ASSIGNED TASK
Begin with the first line below and retype each line exactly through the line containing "Lámpara con diseño". Any pictures are to be left out.
BEGIN PROVIDED MATERIAL
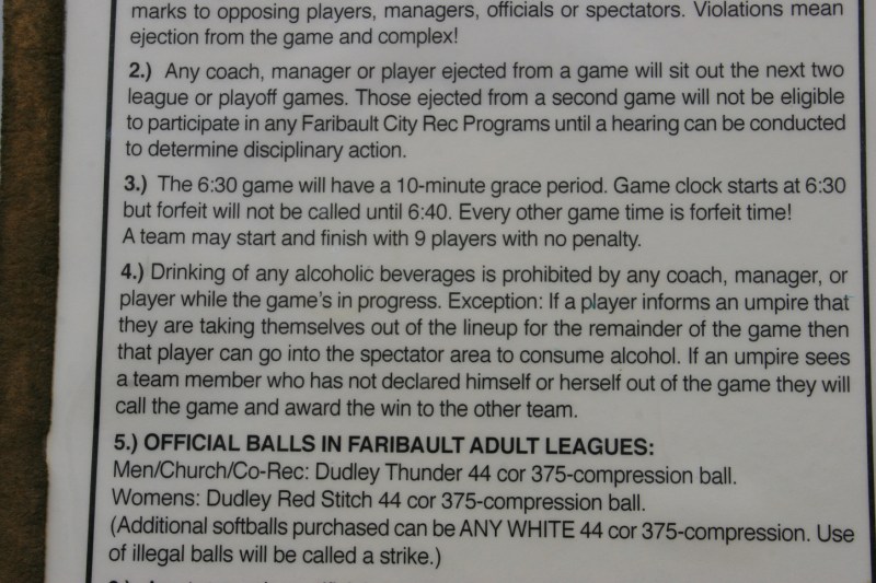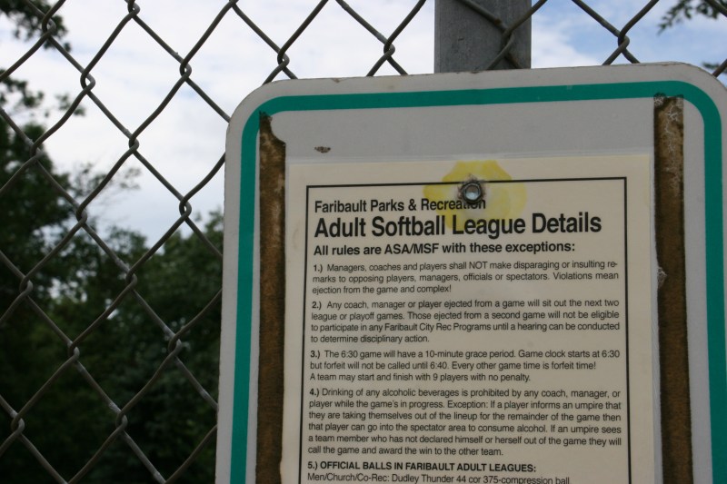 But then I found another sign—Adult Softball League Details—which has likely been here for some time and is posted inside the fence behind home plate. Of special interest was rule #4: Drinking of any alcoholic beverage is prohibited by any coach, manager or player while the game’s in progress. An exception allows a player to drink alcohol if he takes himself out of the game and goes to the spectator area.
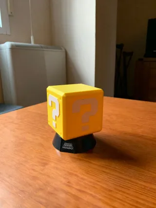 Lámpara con diseño del bloque de interrogación de Super Mario Bros. - Base negra. - Diseño icónico de Super Mario.
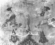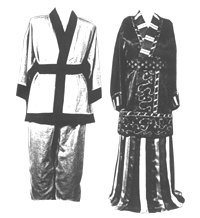 Bilder oben: Links ein altes Gemälde in einer Gruft aus der Zeit der Ko Ku Ryo Dynastie welches Soo Bahk Techniken zeigt (Ende 4. Jahrhundert). Rechts: Traditionelle Bekleidung links eines Kämpfers und rechts typische Frauenbekleidung ebenfalls zur Zeit der Ko Ku Ryo Dynastie in Korea.
END PROVIDED MATERIAL
WRITTEN ANSWER
 But then I found another sign—Adult Softball League Details—which has likely been here for some time and is posted inside the fence behind home plate. Of special interest was rule #4: Drinking of any alcoholic beverage is prohibited by any coach, manager or player while the game’s in progress. An exception allows a player to drink alcohol if he takes himself out of the game and goes to the spectator area.
 Lámpara con diseño del bloque de interrogación de Super Mario Bros. - Base negra. - Diseño icónico de Super Mario.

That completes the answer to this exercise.